Subject: I have found a CD that I think you would enjoy
Jimmy's best live album
D. Cummings | Kingston, ON, Canada | 06/30/2005
(5 out of 5 stars)
"This is one of Jimmy Smith's best albums, and it's his best live album by a long shot. It's got more balls than mid-'90s live albums like "The Master", is more focused than the sequel live album "Fourmost Return", and is slicker and less frenetic than '50s/'60s/'70s live albums like "Live at the Baby Grand", "Paris Jazz Concert" or "Root Down" (which are nonetheless all heavy in their own way). Jimmy's playing is red-hot, the all-star band cooks, and the engineer should be given a medal for getting such a good sound out of the organ--it's arguably the best Hammond sound ever caught on tape. To me, the album ranks right up there with his best (e.g., "The Cat", "Organ Grinder Swing", "Bashin"), and proves that Jimmy could really dish it out live, if you were lucky enough to catch him on a good night. 5 starts, hands down. A great start for anybody wanting to get to know Jimmy, especially if you're partial to raw, live recordings."
CJ Shearn | New York | 01/14/2000
(5 out of 5 stars)
"this swinging live date from 1990 featuring longtime Smith comrades Kenny Burrell, Stanley Turrentine, and Grady Tate, is so groovy you should call a doctor! "Midnight Special" tops the original studio version, Stanley taking a deeply heartfelt solo, with the end of the tune having one of those trademark churchy Smith chords. "Summertime" has solid extremely tasteful backing by Grady Tate, and "Soulful Brothers" is as greasy as it gets, Jimmy doing some morse code stuttering reminiscient of his solo on "The Sermon" in 1958, albeit at a higher note. Smith's pyrotechnics further on "Quiet Nights of Quiet Stars" when after a mindblowing phrase he yells "Oh My God! " Grady Tate steps away from the drums and gives an interesting vocal treatment on "My Funny Valentine" as well... this is a great recording, pick it up!"

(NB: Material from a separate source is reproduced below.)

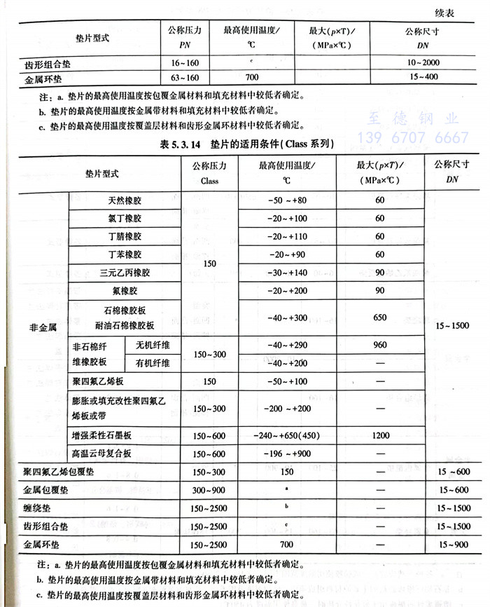 d. 金属包覆垫根据包覆金属和填充材料的不同组合,使用温度范围不同,详见HG/T 20609。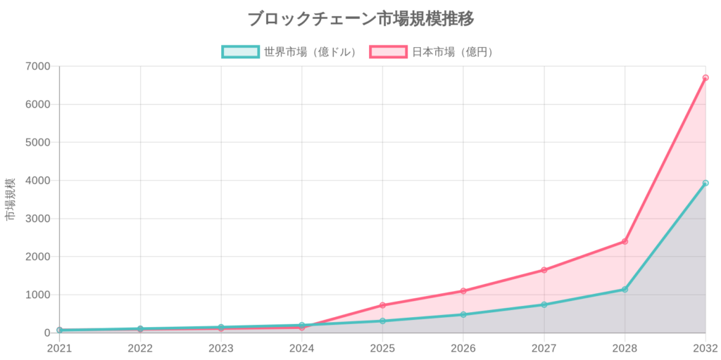 世界のブロックチェーン市場は2025年に約311.8億ドルに達し、2032年には約3,934.2億ドルに成長すると予測されています(Fortune Business Insights)。日本市場も2025年度には7,247億円に達する見込みで(トレードログ)、経済産業省は潜在的市場規模を約67兆円と試算しています。

(And frontmost.) The Rush of Excitement
Samuel Chell | Kenosha,, WI United States | 02/11/2005
(4 out of 5 stars)
"As a keyboard player myself, I've always felt contrite, unworthy, and properly chastised when a drummer or horn player has accused me of "rushing" (musicians sometimes refer to it as "climbing out of the pocket"). But doggone it, what a drag it is when musicians get lethargic and stuck in auto pilot, playing "Satin Doll" for the ten thousandth time in the same tempo in the same way. No wonder this music doesn't get the attention of young listeners.

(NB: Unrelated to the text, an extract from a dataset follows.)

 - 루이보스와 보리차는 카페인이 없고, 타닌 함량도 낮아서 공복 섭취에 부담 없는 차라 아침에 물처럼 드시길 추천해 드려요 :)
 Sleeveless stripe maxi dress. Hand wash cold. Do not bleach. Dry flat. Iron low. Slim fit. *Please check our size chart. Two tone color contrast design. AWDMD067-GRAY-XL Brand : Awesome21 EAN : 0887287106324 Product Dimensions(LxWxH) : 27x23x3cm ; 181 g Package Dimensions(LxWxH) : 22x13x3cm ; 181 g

Enter Jimmy Smith, who is so charged with energy he can't contain himself. After each of Turrentine's solos (especially "Mainstem," "Things Ain't What They Used to Be," "Organ Grinder Swing"), it's Jimmy's turn, and he doesn't waste time. Immediately the tempo picks up, becoming so fast by the end of the tune (often doubled, in fact) that the musicians can barely get their notes in for the out chorus of the melody.
But along with speed, at least in Jimmy's case, is the irresistible swing. Jimmy may rush the beat, but it's the "right" beat. Suddenly your feet spring to life and the music iself becomes a physically-felt "rush," not merely a sedentary listening experience.
Jimmy Smith was incredible (the epithet frequently appearing before his name) because he brought a young boy's excitement and energy to the music, and it was something he never grew out of. When I last caught him live in the early '90's at Chicago's Blackstone Hotel (I even rode up in the elevator with him), he behaved like a 36-year-old going on 16 (I realize only now that he would have been in his sixties at the time).
His death strikes some of us as both sad and shocking because, in addition to being a legend and a progenitor, neither he nor his music ever got old."